Brustolin M., Battanolli G., Qualtieri K., Bilato D., Iob L., Catania S.
I micoplasmi, appartengono alla classe dei Mollicutes, rappresentano i più piccoli microorganismi in grado di replicare autonomamente. Il loro genoma può variare da 600 a più di 2000 Kb. Differiscono dagli altri batteri in particolare per le loro piccole dimensioni e per la totale assenza di parete cellulare. Sono ampiamente diffusi in natura e possono parassitare un’ampia varietà di specie viventi quali mammiferi, rettili, pesci, artropodi e piante (4).
Sono considerati “organismi difficili da coltivare” a causa delle loro esigenze metaboliche e dei loro lunghi tempi di crescita in vitro.
In campo aviare sono oltre 20 le specie conosciute, anche se solamente alcune rivestono un ruolo economicamente importante, quali Mycoplasma gallisepticum (MG), Mycoplasma synoviae (MS), Mycoplasma ioawe (MI), Mycoplasma meleagridis (MM).
Con l’introduzione delle metodologie biomolecolari la diagnostica per tali patogeni è nettamente migliorata, ma se da un lato sono stati ridotti i tempi di risposta, dall’altro è diminuita la possibilità di eseguire ulteriori indagini di approfondimento tipiche della microbiologia classica, ancor’oggi effettuate normalmente per altri patogeni batterici di più semplice coltivazione. L’utilizzo della PCR per la ricerca di una specie di Micoplasma (sono attualmente disponibili PCR specifiche solo per i patogeni di maggior interesse) risulta essere determinante se supportata da un corretto sospetto diagnostico, in tali casi permette di pervenire ad una corretta diagnosi. Però contestualmente la stessa metodica può essere inefficace in caso di errato sospetto di specie, ed inoltre impedisce la dimostrazione di eventuali coinfezioni, eliminando anche la possibilità di esecuzione di ulteriori indagini sul ceppo isolato.

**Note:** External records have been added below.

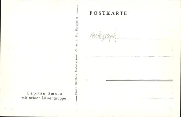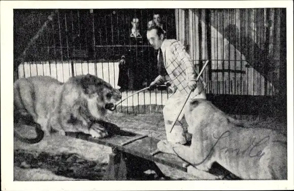 Ak Capitän Smola mit seiner Löwengruppe, Zirkus, Dompteur, Raubtierkäfig, Autogramm
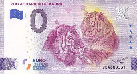 Billete Souvenir 0 Euro de la serie Zoo Aquarium de Madrid dedicado a los Tigres Siberianos, edición 2024-7. Fabricado en papel moneda y con las siguientes características de seguridad : marcas de agua, tiras de cobre, impresión en relieve (sensible al tacto), holograma, registro transparente, fondo de seguridad de la imprenta, tinta fluorescente visible bajo luz ultravioleta y un número de serie individual, único para cada billete y diferente al de la ilustración.
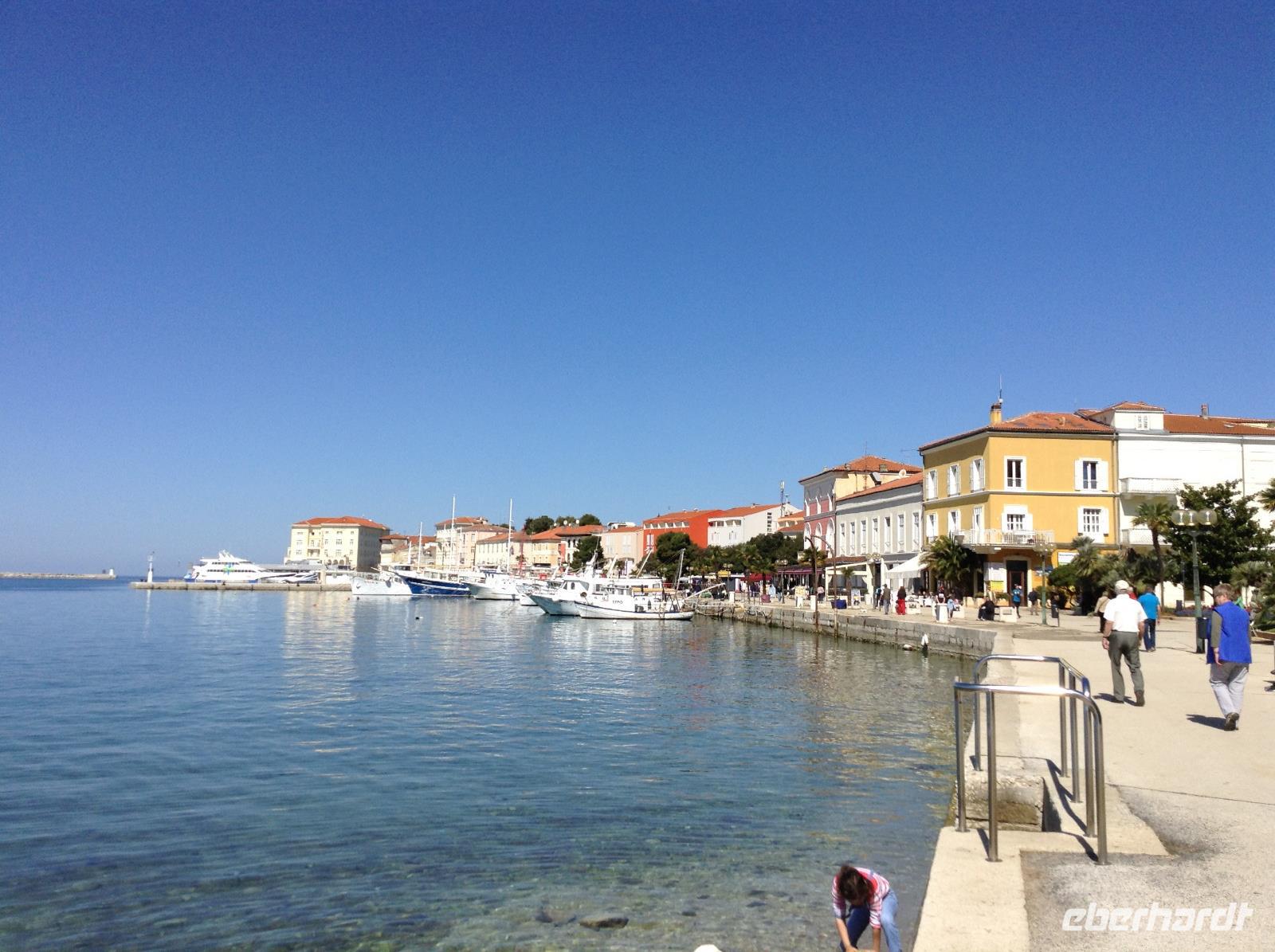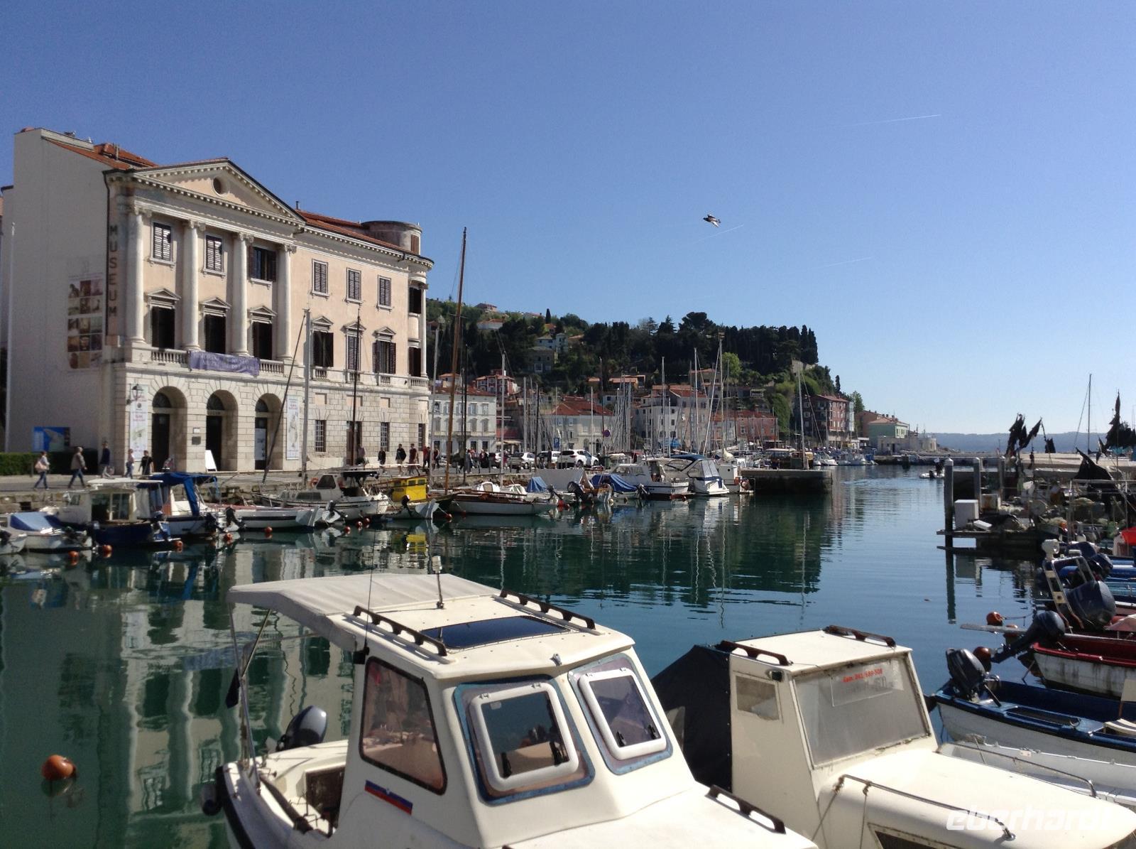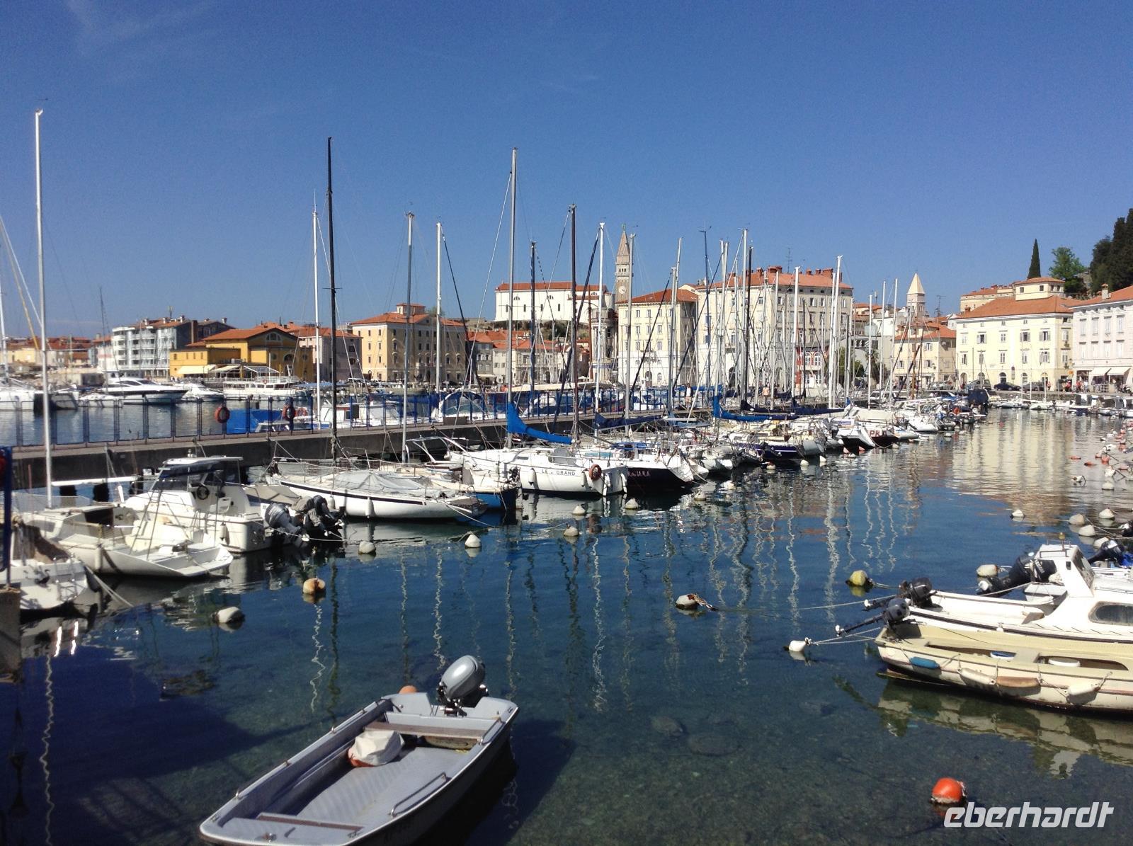 Dann ging es weiter vorbei am Ort Postojna und dem Eingang zu den Adelsberger Grotten auf schmaler Landstraße zur "Burg vor der Höhle", auf dem einst der Raubritter Erasmus sein Unwesen trieb. Predjamski Grad war schon besonders sehenswert ! Weiter geht es in Richtung Süden, wir wollen noch die Adria sehen an diesem Tag. Wir durchqueren Slowenien und fahren zum kleinen slowenischen Küstenabschnitt an der Adria, nach Piran. Gemeinsam gehen wir auf Stadtbummel an der Küste entlang zum Platz Tartini, genießen erste warme Sonnenstrahlen und traumhaft blaues Meer. Zahlreiche Boote haben im Hafen festgemacht und die Bistros und Kaffees entlang der Küste laden zum Verweilen und Entspannen ein.

Attualmente nell’isolamento dei micoplasmi aviari il manuale OIE prevede un’incubazione in brodo fino a due settimane seguite da altre due settimane per l’eventuale crescita in agar. Poiché i micoplasmi non sono distinguibili su base biochimica risulta necessario eseguire metodiche aggiuntive per l’identificazione della specie isolata quali l’immunofluorescenza, l’inibizione della crescita, l’utilizzo di PCR specie specifiche che naturalmente aumentano ancor di più i tempi di risposta.
La DGGE (Denaturing Gradient Gel Electrophoresis) è una tecnica elettroforetica che permette di separare degli amplificati in base alla loro sequenza e non al loro peso molecolare. Il limite teorico di tale tecnica è quello di identificare fino ad una singola mutazione puntiforme (2). Il principio si basa sulla diversa mobilità di una doppia elica parzialmente denaturata in un supporto solido, la denaturazione stessa dipende a sua volta dalla sequenza nucleotidica. A tale riguardo è opportuno ricordare che l’appaiamento delle basi GC si basa su 3 legami idrogeno molto più stabili del doppio legame idrogeno presente tra le basi AT. Su tali presupposti alcuni Autori hanno effettuato studi di comparazione della migrazione di un tratto del 16S rDNA, regione conservata dei batteri (3).
Scopo del presente lavoro è stato quello di valutare su isolati di campo l’applicabilità della metodica DGGE, quale potenziale metodo per l’identificazione di differenti specie di micoplasmi.